Anything that's moving with respect to the wheel is fine. We'll talk about the calibration a little bit later, the calibration differences. Another option which is in the case of a rotary sensor, we might have something really similar to this, maybe our, going to get a little bit messy here but I think you'll get the idea. if you've got a rotary sensor mounted to the body like this you might have one dropping down onto the suspension arm itself and obviously that is rotating up and down with the suspension. So those are a couple of the different ways you might mount these things.

Really it's down to a little bit of personal preference and your exact packaging situtation. It can be a really busy and hostile place inside one of the wheel arches like that so you've just got to think about making sure there's no way it can get damaged. Making sure it's going to be easy to service, thinking about making sure it's not damaged when you're servicing the car as well, so making sure it's easy to disconnect so that there's not the tendency to try and leave it connected while you pull your dampers out to make spring or damping changes and stuff like that. It's really a practicality thing and there's not really necessarily a right or wrong way to do it. Most of the differences can be taken up in the difference when we do the calibration as well.
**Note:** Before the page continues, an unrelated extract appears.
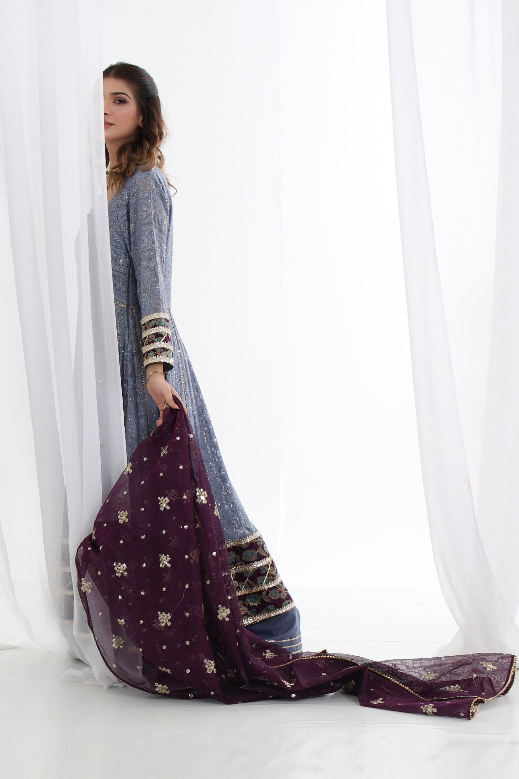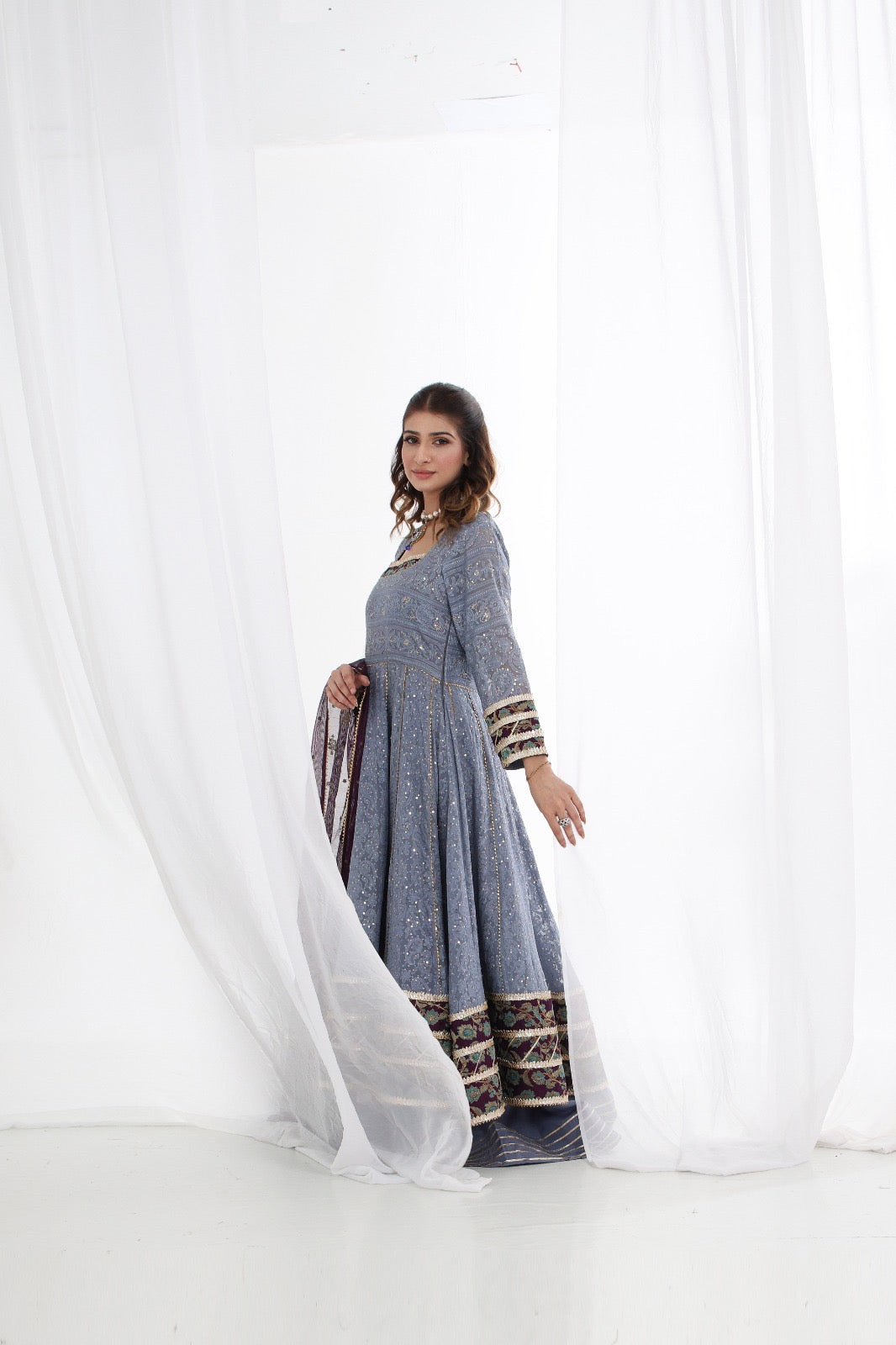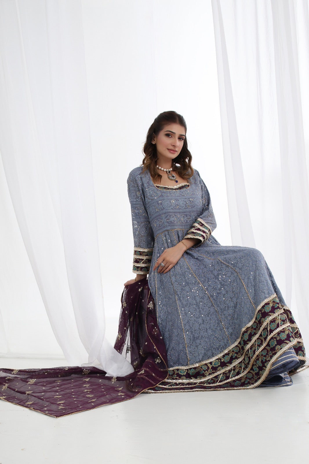 Lilac Chikankari peshwas with delicate embroidery, paired with a matching lilac sharara and a stunning jamawar dramatic border, accompanied by a chiffon embroidered duppata.

So one of the things that can be a little bit overwhelming when you first go and choose one of these things is OK you've decided where you're going to mount one of these things, maybe you've had a look through the spec sheet already, you're kind of overwhelmed, it might be a little bit overwhelming at first by the number of different sensors you can get that might even work for your situation but I'll go through a couple of the different practicalities that can help you narrow it down a little bit. But the part numbers are often quite complicated but the good thing about it is that normally you can go to the spec sheet and read off what those mean so I'm just going to give you an example of what this means. The part number here, to give you an idea, it's going to be too small to see on the overhead but it's SLS130/75/C/66/1/N. Now that's going to be absolutely meaningless but you are going to need that exact part number when it comes to actually ordering them. So if you just jump across to my laptop screen again I've actually got the spec sheet for this exact series of damper potentiometer here.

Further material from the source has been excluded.